◆ Work to be completed
Keep the images out while you set down the data exactly.

◆ Saved entries
━━━━━━━━━━━━━━━━━━━━
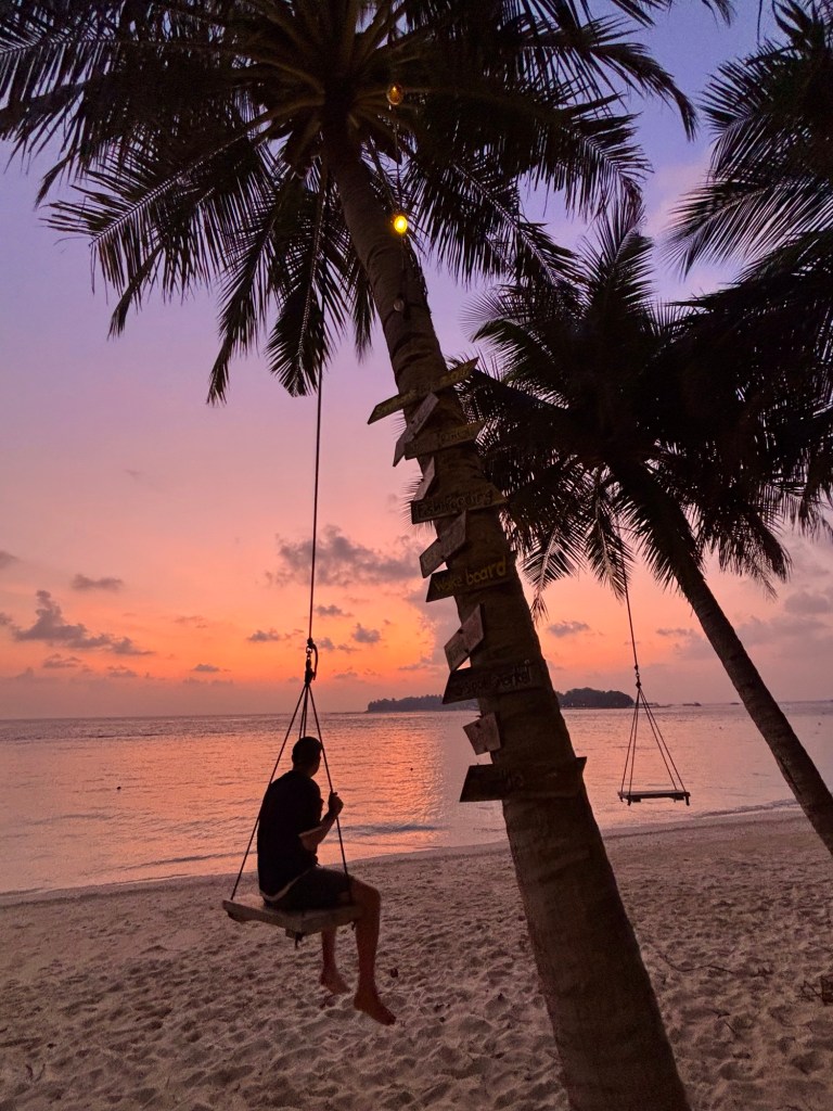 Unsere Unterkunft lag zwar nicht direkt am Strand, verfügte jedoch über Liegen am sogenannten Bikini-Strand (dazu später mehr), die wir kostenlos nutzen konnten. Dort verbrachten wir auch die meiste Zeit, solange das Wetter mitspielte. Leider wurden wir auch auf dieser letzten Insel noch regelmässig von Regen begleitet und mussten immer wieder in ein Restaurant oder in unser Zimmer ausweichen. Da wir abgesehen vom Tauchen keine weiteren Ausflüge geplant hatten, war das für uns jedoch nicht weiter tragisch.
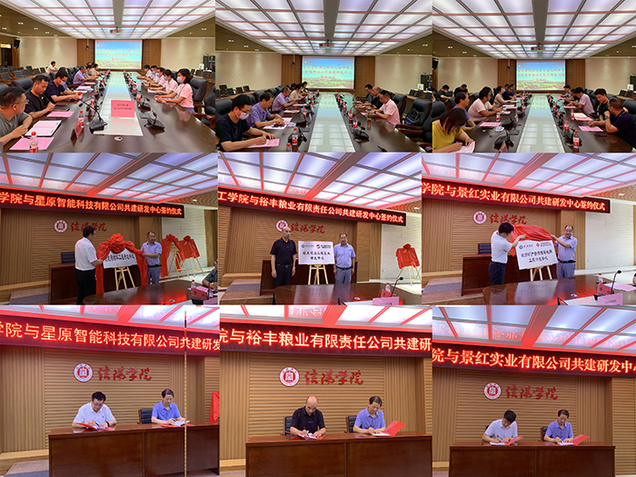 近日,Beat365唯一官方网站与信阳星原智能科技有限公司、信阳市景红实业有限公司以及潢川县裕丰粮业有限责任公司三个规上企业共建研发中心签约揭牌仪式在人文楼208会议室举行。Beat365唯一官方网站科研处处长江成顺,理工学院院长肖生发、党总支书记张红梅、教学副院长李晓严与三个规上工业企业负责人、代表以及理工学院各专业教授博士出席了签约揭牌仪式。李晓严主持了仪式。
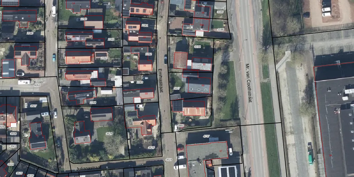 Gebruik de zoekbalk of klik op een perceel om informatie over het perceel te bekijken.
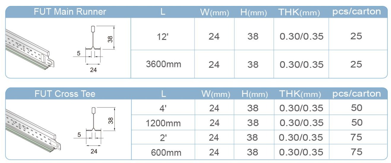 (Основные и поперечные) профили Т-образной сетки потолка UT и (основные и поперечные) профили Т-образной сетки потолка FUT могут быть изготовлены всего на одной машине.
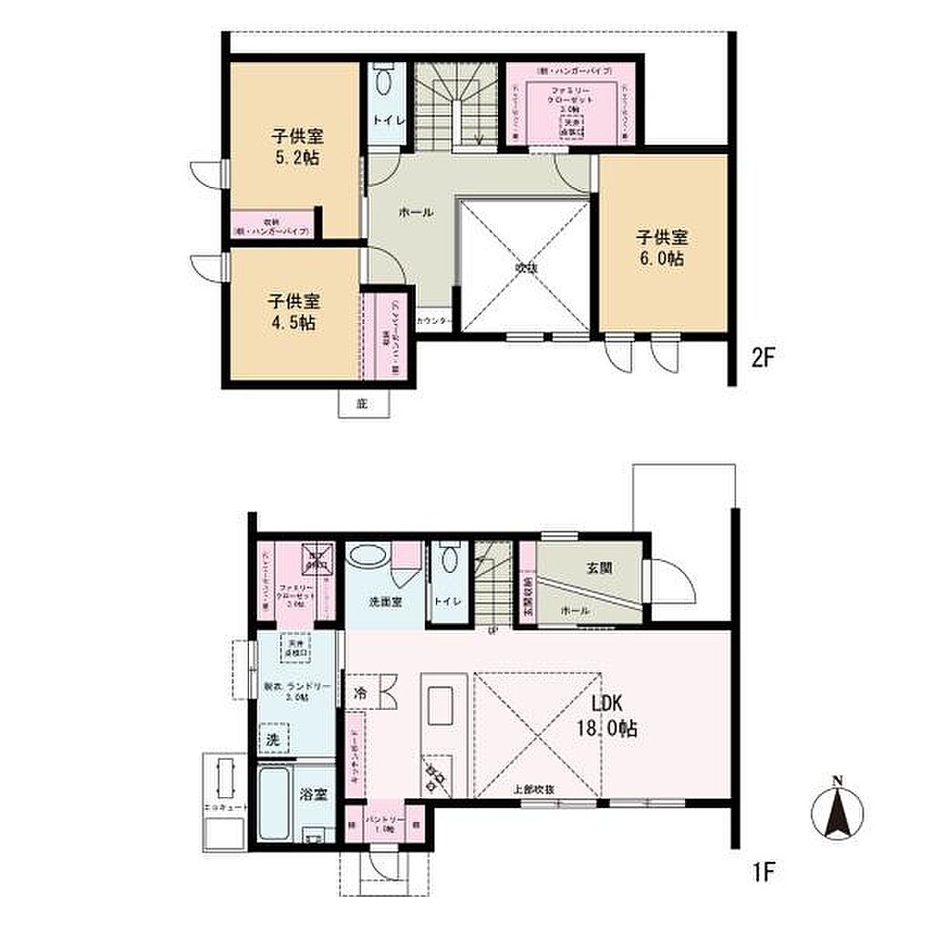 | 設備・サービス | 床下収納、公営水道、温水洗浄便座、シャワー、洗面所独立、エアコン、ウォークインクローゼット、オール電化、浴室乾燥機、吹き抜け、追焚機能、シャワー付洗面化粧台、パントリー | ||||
━━━━━━━━━━━━━━━━━━━━
◆ Answer area
 Unsere Unterkunft lag zwar nicht direkt am Strand, verfügte jedoch über Liegen am sogenannten Bikini-Strand (dazu später mehr), die wir kostenlos nutzen konnten. Dort verbrachten wir auch die meiste Zeit, solange das Wetter mitspielte. Leider wurden wir auch auf dieser letzten Insel noch regelmässig von Regen begleitet und mussten immer wieder in ein Restaurant oder in unser Zimmer ausweichen. Da wir abgesehen vom Tauchen keine weiteren Ausflüge geplant hatten, war das für uns jedoch nicht weiter tragisch.
 近日,Beat365唯一官方网站与信阳星原智能科技有限公司、信阳市景红实业有限公司以及潢川县裕丰粮业有限责任公司三个规上企业共建研发中心签约揭牌仪式在人文楼208会议室举行。Beat365唯一官方网站科研处处长江成顺,理工学院院长肖生发、党总支书记张红梅、教学副院长李晓严与三个规上工业企业负责人、代表以及理工学院各专业教授博士出席了签约揭牌仪式。李晓严主持了仪式。
 Gebruik de zoekbalk of klik op een perceel om informatie over het perceel te bekijken.
 (Основные и поперечные) профили Т-образной сетки потолка UT и (основные и поперечные) профили Т-образной сетки потолка FUT могут быть изготовлены всего на одной машине.
 | 設備・サービス | 床下収納、公営水道、温水洗浄便座、シャワー、洗面所独立、エアコン、ウォークインクローゼット、オール電化、浴室乾燥機、吹き抜け、追焚機能、シャワー付洗面化粧台、パントリー | ||||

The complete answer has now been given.